OREANDA-NEWS. The Bank of Russia continues with its clean-up efforts aimed at driving unscrupulous players out of the microfinance market. In the second quarter, the number of microfinance organisations (MFOs) as per the State Register dropped by 292 to the total of 3,560.

These data are contained in the 2016 Q2 Review of Key indicators of Microfinance Organisations Development prepared by the Bank of Russia’s Financial Market Development Department and Non-bank Financial Institutions’ Statements Collection and Processing Department.

The year-on-year growth in the number of executed contracts in the sector was 31.4% (from 3 million to 4 million). The volume of microloans was up 57.4% to the total of 45.5 billion rubles, while the aggregate portfolio of microloans grew 33.2% to 79.2 billion rubles. The volume of microloans extended to individual entrepreneurs grew from 2.3 billion rubles in the second quarter last year to 3.1 billion rubles for the same period of this year, while those to legal entities were up from 2.8 billion rubles to 4 billion rubles. The average amount of a loan to an individual rose to 9.7 thousand rubles (against 7.9 thousand for April – June 2015).
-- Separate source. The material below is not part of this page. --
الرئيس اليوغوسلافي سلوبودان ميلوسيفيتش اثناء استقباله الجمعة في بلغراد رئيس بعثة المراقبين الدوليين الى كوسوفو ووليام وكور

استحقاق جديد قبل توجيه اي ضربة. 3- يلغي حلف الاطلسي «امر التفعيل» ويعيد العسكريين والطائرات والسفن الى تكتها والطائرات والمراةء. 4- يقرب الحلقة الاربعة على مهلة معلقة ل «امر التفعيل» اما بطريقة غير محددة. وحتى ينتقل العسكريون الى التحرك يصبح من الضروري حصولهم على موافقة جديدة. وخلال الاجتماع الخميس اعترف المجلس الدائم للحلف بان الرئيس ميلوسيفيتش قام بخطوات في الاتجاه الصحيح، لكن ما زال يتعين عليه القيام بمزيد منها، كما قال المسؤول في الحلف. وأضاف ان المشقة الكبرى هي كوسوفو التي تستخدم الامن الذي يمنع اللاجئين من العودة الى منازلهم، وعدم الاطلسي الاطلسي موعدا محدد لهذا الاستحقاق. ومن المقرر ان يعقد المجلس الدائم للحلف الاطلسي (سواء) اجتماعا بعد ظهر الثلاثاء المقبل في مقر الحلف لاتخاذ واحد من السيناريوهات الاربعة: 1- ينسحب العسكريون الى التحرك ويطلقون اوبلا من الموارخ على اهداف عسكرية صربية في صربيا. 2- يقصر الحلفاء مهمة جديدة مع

The market average effective interest rate of the most popular microloans – payday loans (for a term of up to 1 month, for up to 30 thousand rubles) – was down 66.8 pp on the same period last year, to reach 613.2% per annum. As this takes place, the volume of payday loans in the total portfolio of MFOs is above 25% in 2016 Q2 microloans to individuals, according to the General Information on the 2016 Q2 Microfinance Market prepared by the Main Office of Microfinance Market and Financial Inclusion Methodology.
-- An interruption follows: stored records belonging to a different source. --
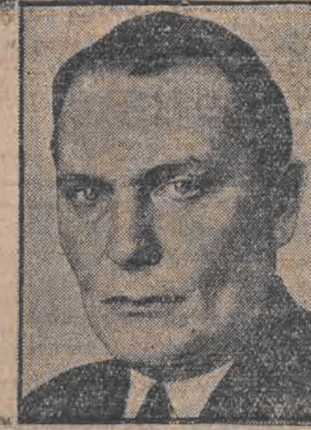
Göring przewodniczący Reichstagu minister bez teki, komisarz do spraw lotnictwa
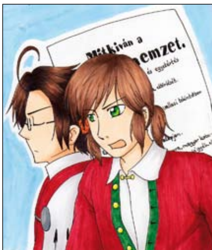
Kurokawa Ayumi mai szemmel így látja a 12 pontot (Devian Art)

* A pesti városháza elé vonultak, és a városi tanáccsal elfogadtatták a tizenkét pontot. Így a petíció mint Pest város követelése mehetett Pozsonyba.
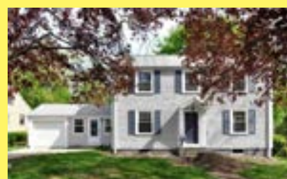
Colonial EAST PROVIDENCE $279.900
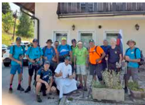
Zajtrk Pr Čop
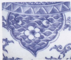
001 顺治青花长颈瓶（毛口）
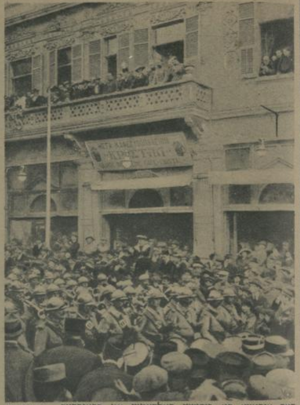
דאס אנטקומען פון רוסישע סאלדאטען אין פראנקרייך. די ערסטע רוסישע סאלדאטען מארשירען דורך די גאסען פון מארסעל. Antunft russischer Soldaten in Frankreich. Die ersten russischen Soldaten marschieren durch die Straßen von Marseille.
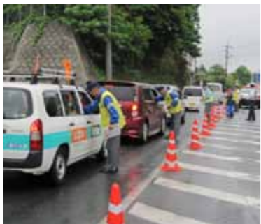
▲毎月22日に開催されている、飲酒運転撲滅キャンペーン。8月22日（月）は飲食店組合と共同開催されます。

車両提供者・酒類の提供者・車両の同乗者も、 運転免許の行政処分（取消・停止）を受けます。
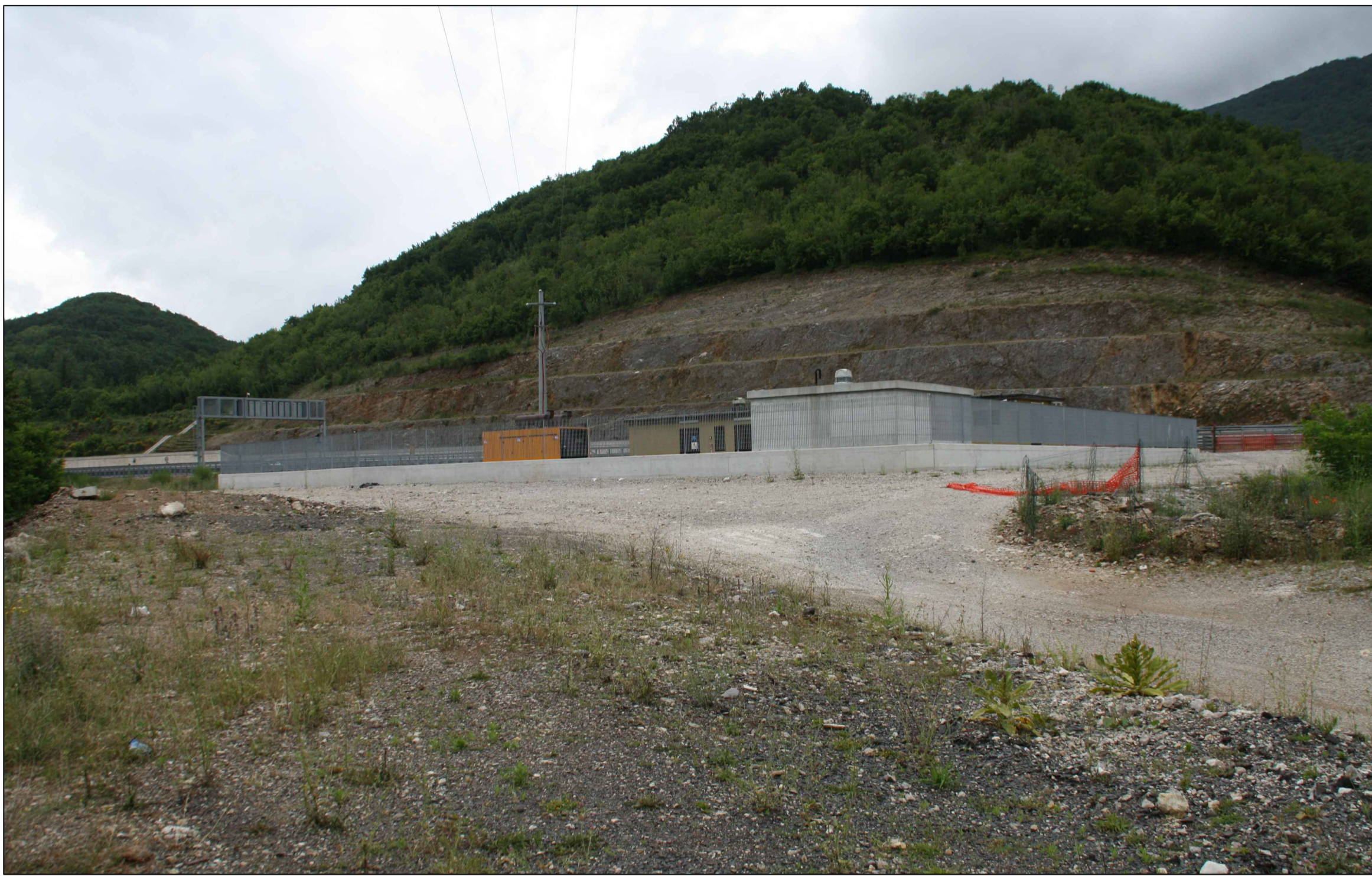
F06 Stato ante operam
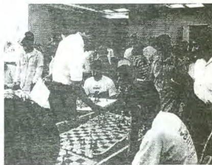
Simultáneas de Ajedrez.
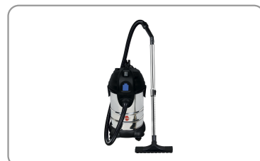
Prise de synchronisation pour machine électroportative maxi 1800w
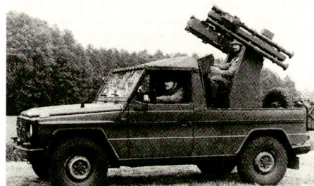
Aus Soldat und Technik 5/1993

soll die Krisenreaktionskräfte vor Angriffen aus der Luft schützen. Der Waffenträger, auf dem ein Abschussgestell für vier STINGER montiert sein wird, soll in einer CH-53 luftverladbar sein. Ob dafür besser ein Radfahrzeug oder ein Kettenfahrzeug geeignet erscheint, wird bis zur Billigung einer Taktisch-technischen Forderung (TTF) abschliessend bewertet. Je fünf Waffenträger bilden mit einer Aufklärungs- und Feuerleiteneinheit einen autonomen Zug. Drei Züge werden in einer Batterie mit Verbindungstrupps

According to these data, there was also a notable decline in the numbers of other microfinance institutions: pawnshops (8,290 to 7,958 in 2016 Q2), credit consumer cooperatives (3,430 to 3,279) and agricultural consumer cooperatives (1,688 to 1,620).
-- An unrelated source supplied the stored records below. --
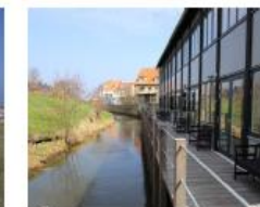
Åen som løber ned gennem byen
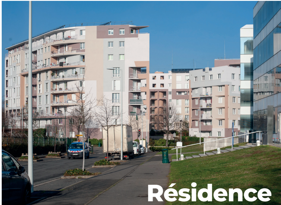
Résidence Les Carriers
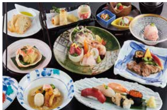
■ろばた・すし・北のめし〈あきず〉 料理長おすすめコース
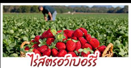
ไรศตรอบออร์รี่

คฤหาสน์เหวินเจิง - สวนซาถูระซิงเต่า ไรศตรอบออร์รี่ - โรงเบียร์ซิงเต่า
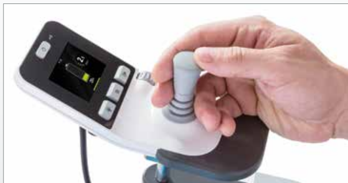
Écran couleur d'informations et éléments de commande conviviaux
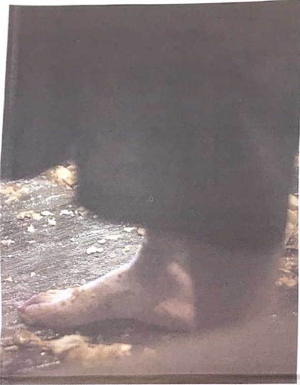
Igartubeitiko Sagarraren Astean.

«Orain dela 500 urteko biziaren bertsioa egiten ari gara gaur egun, hori galduguenelako. Ez da 500 urtetako ohiturarik mantendu, horri balioa ematen ari gara». XX. mendean baserri mundua alboraturik geratu dela uste du: «Orain gutxi arte jendeak lotsa sentitu izan du baserri bizimodu horren inguruan, garai hartan baserriar esatea irain ere bihurtu zen ia». Gaur egun pentsaera hori aldatzeko bidean gaudela pentsatzen du.
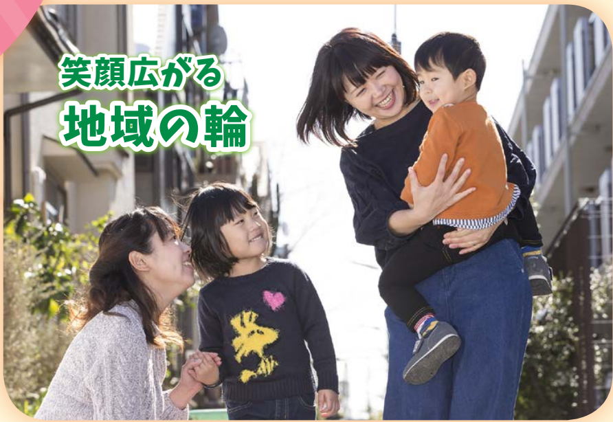
笑顔広がる 地域の輪
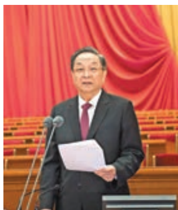
十二屆全國政協主席俞正聲向大會報告過去五年的工作。

全國人大會議將審議通過深化國家機構改革方案，並選出國家政府領導人。人們將拭目以待。
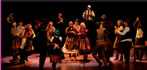
Collectif Ar Famiji Un deiz a-dreist an deizioù arall...
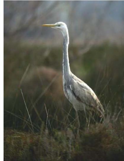
Héron cendré x Grande Aigrette Ardea cinerea x alba (Grey Heron x Great White Egret) présumé. Romieu, 20/03/04 (dig. M. THIBAUT)

Ibis sacré Threskiornis aethiopicus ® : 1 le 26/03/04 au Pèbre, Camargue (M. THIBAUT) ; 1 au Mas de Peint, Camargue le 21/04/04 (D. COHEZ).
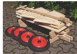
▲ D 30/100 SV mit Rad Nr. 3, in wenigen Sekunden „ohne Werkzeug“ in ein kofferraumgerechtes Paket zerlegt, und genauso schnell wieder ohne Werkzeug zusammengesteckt!
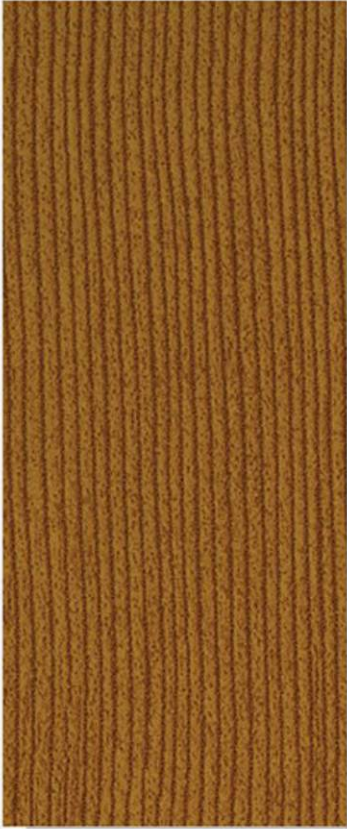
PK A10 DOUGLAS
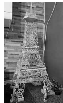
Айфеловата кула на Дамла

уврежданията на брахиалния плексус, Дамла направи над 300 сини лентички и мотивира съучениците си да се включат, съобщават от ръководството на училището. Талантливата ученичка е благодарна на учителите
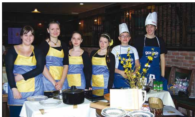
Skupina Štrukeljčki pripravljena na kuhanje.
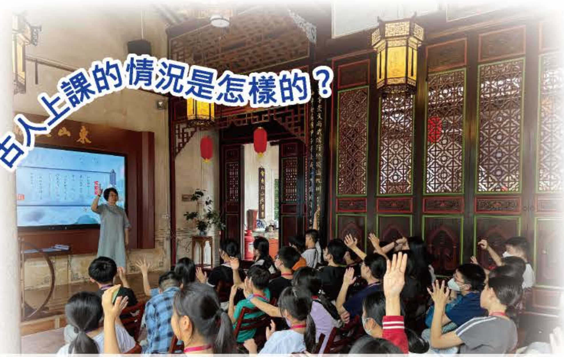
就讓我們於東山書院來體驗一下吧！
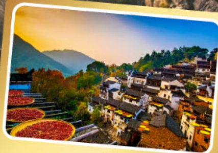
หมู่บ้านหวงหลิง
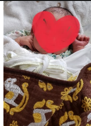
すでに小学2年生の甥っ子

と5歳の姪っ子がいますが、大好きすぎて甘やかしまくっています。2人とも、この間産まれたかと思いましたが、月日が経つのは早い。私は何も変わってませんが、どんどん大きくなっています。
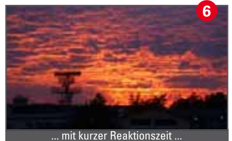
6 ... mit kurzer Reaktionszeit ...
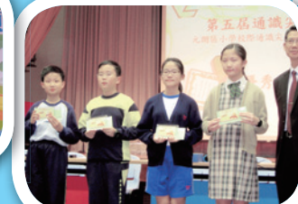
「通識尖尖尖」- 元朗區 小學校際通識尖子爭霸戰
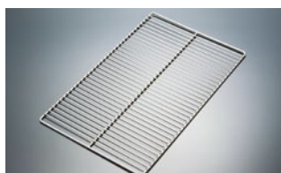
80110 (棚に掛けるタイプ)
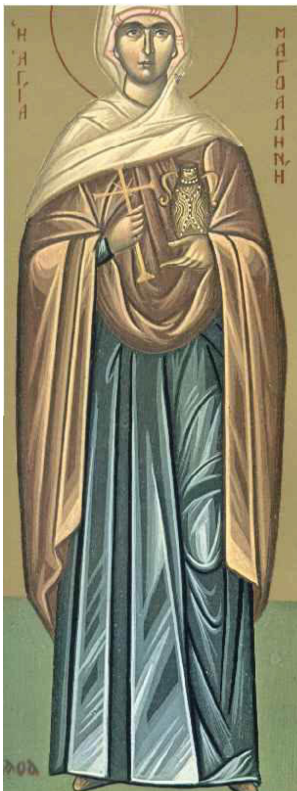
Αγία Μαρία η Μαγδαληνή η Μυροφόρος και Ισαπόστολος
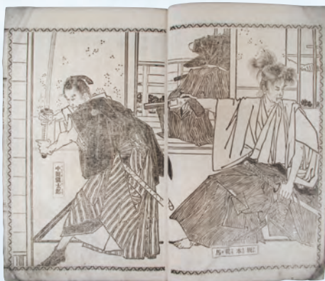
『汗血千里駒』(明治16年)の挿絵に描かれた 慎太郎と龍馬 山崎年信画
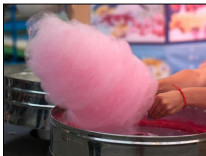
Barbe à Papa
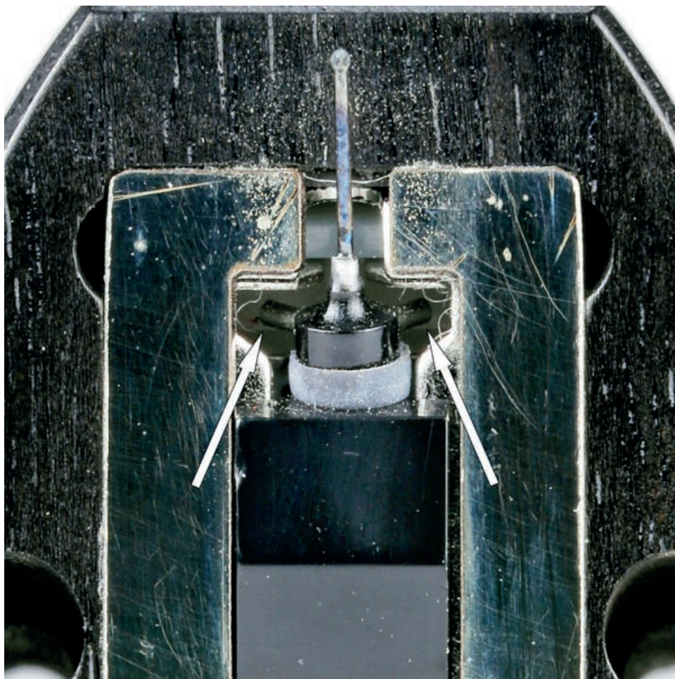
Ein besonders hoher Selektionsgrad der kräftigen Magnete (s. Pfeile) resultiert in absolut identischen Paarungen und einer „sportlichen“ Ausgangsspannung.

vorne, obwohl es nur im vermeintlich unterlegenen Thorens gehört wurde. Was habe ich in den letzten Wochen Geld in Vinyl investiert! Dem Hype um das schwarze Gold geschuldet findet sich mittlerweile alles, was mein Herz begehrt, im Sortiment der Mediawühl-tischmärkte. Da kauft man schon mal mehr frische Scheiben als geplant. Wer genau hat eigentlich den Gleichungssatz aufgestellt, MM-Systeme seien griffig und erdig, aber mit geringerer Auflösung und Feindynamik in der Performance; MC-Abnehmer dagegen genau umgekehrt in ihren Stärken und Schwächen? Vergessen Sie diese Vorurteile! Zumindest wenn Sie zu den Glücklichen gehören, die ein Clearaudio Charisma V2 mal in der eigenen Kette probieren dürfen. Dieser Abnehmer ▶

The Bank of Russia will strike off pawnshops, credit consumer cooperatives and agricultural consumer cooperatives which fail to comply with or meet the regulator’s requirements as well as dormant entities. Also, a MFO can be removed from the register for failure to become a member of a self-regulatory organisation. In accordance with Federal Law No. 223-FZ, dated 13 July 2015, ‘On Self-Regulatory Organisations in the Financial Market’, such membership is mandatory provided there is a self- regulatory organisation of the appropriate type.